After a round of hellos, Susie took me and Ashley into a small, white room just off the main hallway—a refuge where the family would huddle during breaks, a place to be while the bailiff marched Hutchinson down the hall at the beginning and end of each day. It was strange to think of him using the same hallways we did, walking in the open under those fluorescent lights. Somehow I’d expected him to be smuggled in through a subterranean tunnel, like a minotaur.
I was sequestered until I gave my testimony, unable to enter the courtroom until after I had taken the stand. The defense attorney, Robert Andrews, had agreed to let me be the first witness so that I would miss only the opening statements. It was important to me to see everything I could, to bear witness in all ways possible. Our prosecutor, Assistant Attorney General Lisa Marchese, reviewed the content of her opening statement with me. She agreed with Walt’s interpretation of the likely sequence of events that had led Hutchinson to our door. She would tell the jury that Hutchinson’s parents’ respective houses bracketed ours, and that Crystal Perry, this gorgeous redhead, had often walked along that corridor with her young daughter, had played and sunbathed in her exposed front yard. Hutchinson had plenty of opportunity to see her, either when she walked past his house or when he drove past hers. He’d had plenty of opportunity to become obsessed. Then finally he’d come to our house late one night, determined. Years later, Lisa would tell me, “I still believe your mother was targeted because of her beauty.”
No one else in the family would be called to testify, so they went into the courtroom while Ashley and I waited. We had an hour or two before it was time for me to go on. The waiting was difficult; I was ready to take the stand, and each passing moment made me feel more tense. Stronger than this feeling, though, was the desire to get in that room and take a good look at Michael Hutchinson. I had seen a photocopy of his mug shot from the kidnapping arrest five years earlier, and there had been more recent pictures of him in the paper, side views taken as he walked into his arraignment. I knew he was stocky, had brown hair. He wore ill-fitting sport coats, clearly purchased for court. But I wanted to know what it was like to be in a room with him, to see how his body displaced air, to watch what he did with his hands, at what angle he tilted his head. I wanted to see who this person was. And I could feel him waiting for me, too.
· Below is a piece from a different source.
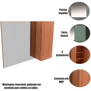 Espelheira para Banheiro 80 cm com 1 Porta Marina - Marrom

Susie kept dipping into our room to keep us updated, and at one point she came to tell us she had a surprise for me.
“Oh?” I said, anxious.
Susie kept smiling as she went into the hallway for a moment, then came back and pulled the door open with a flourish to let in, of all people, Dennis Lorrain.
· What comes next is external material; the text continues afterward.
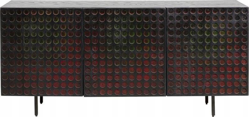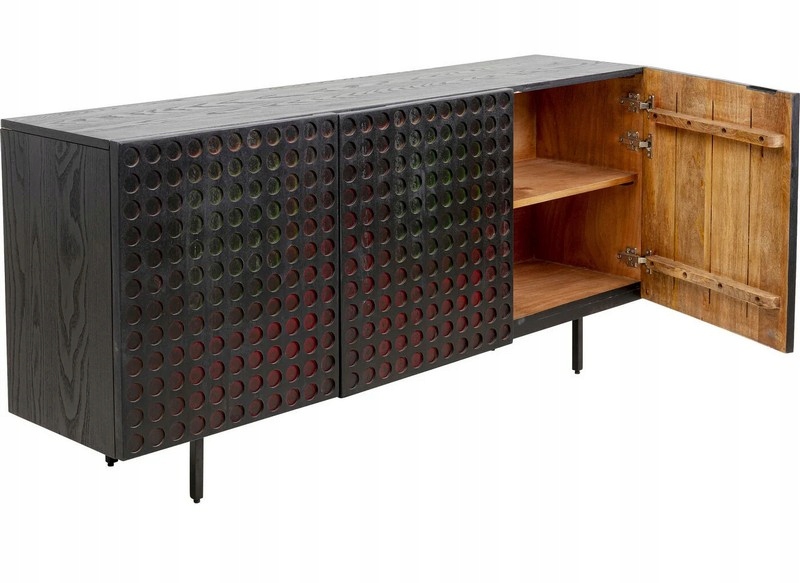 Czarna, lakierowana struktura drewna mango została efektownie zestawiona z zielono-czerwoną gradacją na tłoczonych drzwiach, tworząc unikatowy i przyciągający wzrok front.

Dennis stepped in with a huge smile on his face, filling the room with muscles I didn’t remember. I’d known him as a lanky nineteen-year-old boy with a tiny gold hoop in his ear, and here he was, broad, buzz-cut, with fine lines around his eyes. But he had the same snaggly eyeteeth, the same dimples.
Somehow, our natural response was to hug hello. He pulled back and said, “You’re all grown up!” I let out a short laugh and said, “So are you!” I had this strange sensation of being older than him, of being my mother’s age. He still emanated that unmistakable current of twitchy energy; I was relatively composed. Really, the procession of years had shrunk our effective age difference; I was twenty-five, he was thirty-three.